Quick and Easy Tex-Mex Beef and Rice Bake

Quick and Easy Tex-Mex Beef and Rice Bake

Diana Rattray

Prep: 20 mins
Cook: 25 mins
Total: 45 mins
Servings: 4 to 6 servings
Nutrition Facts (per serving)
367 Calories
12g Fat
34g Carbs
31g Protein
Show Full Nutrition Label Hide Full Nutrition Label
Nutrition Facts
Servings: 4 to 6
Amount per serving
Calories 367
% Daily Value*
Total Fat 12g 15%
Saturated Fat 5g 23%
Cholesterol 72mg 24%
Sodium 488mg 21%
Total Carbohydrate 34g 13%
Dietary Fiber 8g 29%
Total Sugars 4g
Protein 31g
Vitamin C 13mg 67%
Calcium 82mg 6%
Iron 5mg 26%
Potassium 827mg 18%
*The % Daily Value (DV) tells you how much a nutrient in a food serving contributes to a daily diet. 2,000 calories a day is used for general nutrition advice.
(Nutrition information is calculated using an ingredient database and should be considered an estimate.)

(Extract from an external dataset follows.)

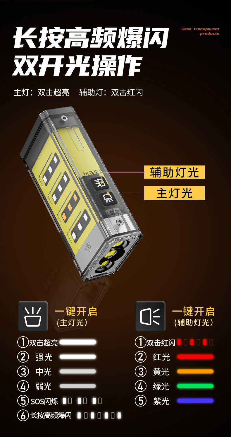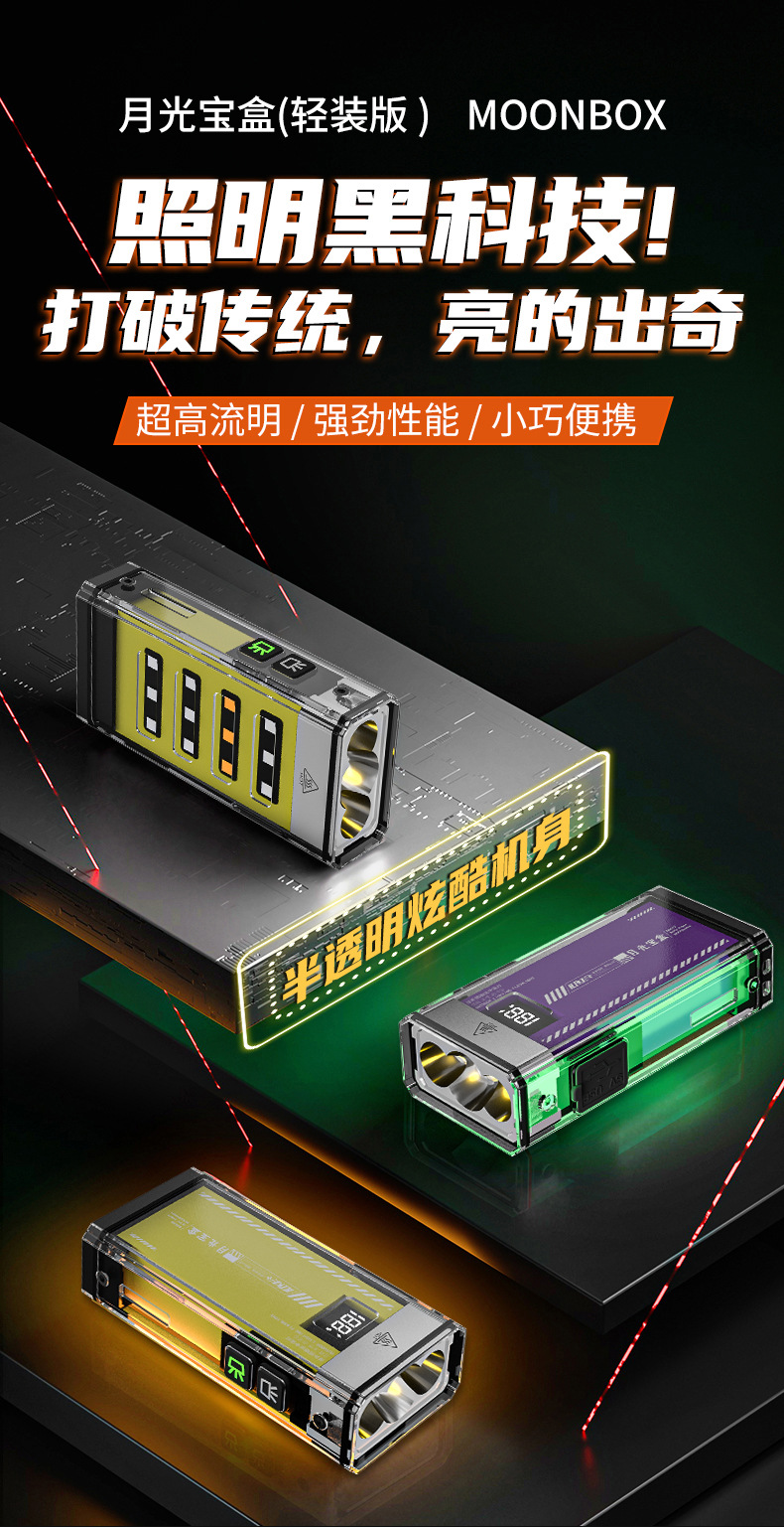 La nueva linterna de luz brillante de la caja del tesoro de la luz de la luna se puede recargar, duración de la batería de larga duración, mini linterna portátil de luz de largo alcance

This ground beef casserole is a quick-fix meal your family will love. The Tex-Mex flavors include cumin, chili powder, and chopped cilantro. 

Serve this tasty casserole with hot freshly baked cornbread for a delicious everyday meal.


  • 1 cup long-grain rice, uncooked

  • 1 pound lean ground beef, chuck or round

  • 1/2 cup chopped onion

  • 1/4 cup chopped bell pepper, green or red

  • 1 (15-ounce) can black beans, drained and rinsed

  • 1 (8-ounce) can tomato sauce

  • 1 cup sweet corn, canned and drained, or frozen and thawed

  • 1/2 teaspoon salt

  • 1 dash freshly ground black pepper

  • 1 1/2 teaspoons chili powder

  • 1 dash garlic powder

  • 1/4 teaspoon ground cumin

  • 2 tablespoons chopped fresh cilantro

  • Shredded cheddar cheese, or Mexican blend of cheeses, for garnish

  • Cilantro, or green onions, chopped, for garnish

Steps to Make It

  1.  Cook the rice as directed on the package; set aside.

  2. Preheat the oven to 350 F.

  3. Lightly grease a 2-quart casserole.

  4. In a skillet over medium heat, cook the ground beef and onion until beef is no longer pink; add bell pepper and cook, stirring, for 2 minutes longer.

  5. To the beef, add the beans, tomato sauce, corn, salt and pepper, chili powder, garlic powder, and cumin. Stir in the 2 tablespoons of chopped cilantro. Add the cooked rice and blend well.

  6. Spoon the mixture into the prepared casserole.

  7. Bake for 25 minutes.

  8. Top with the shredded cheese and cook for 5 minutes longer, or until cheese is melted.

  9. Garnish with more chopped cilantro or chopped green onions, if desired.


  • Serve with a tossed salad and cornbread.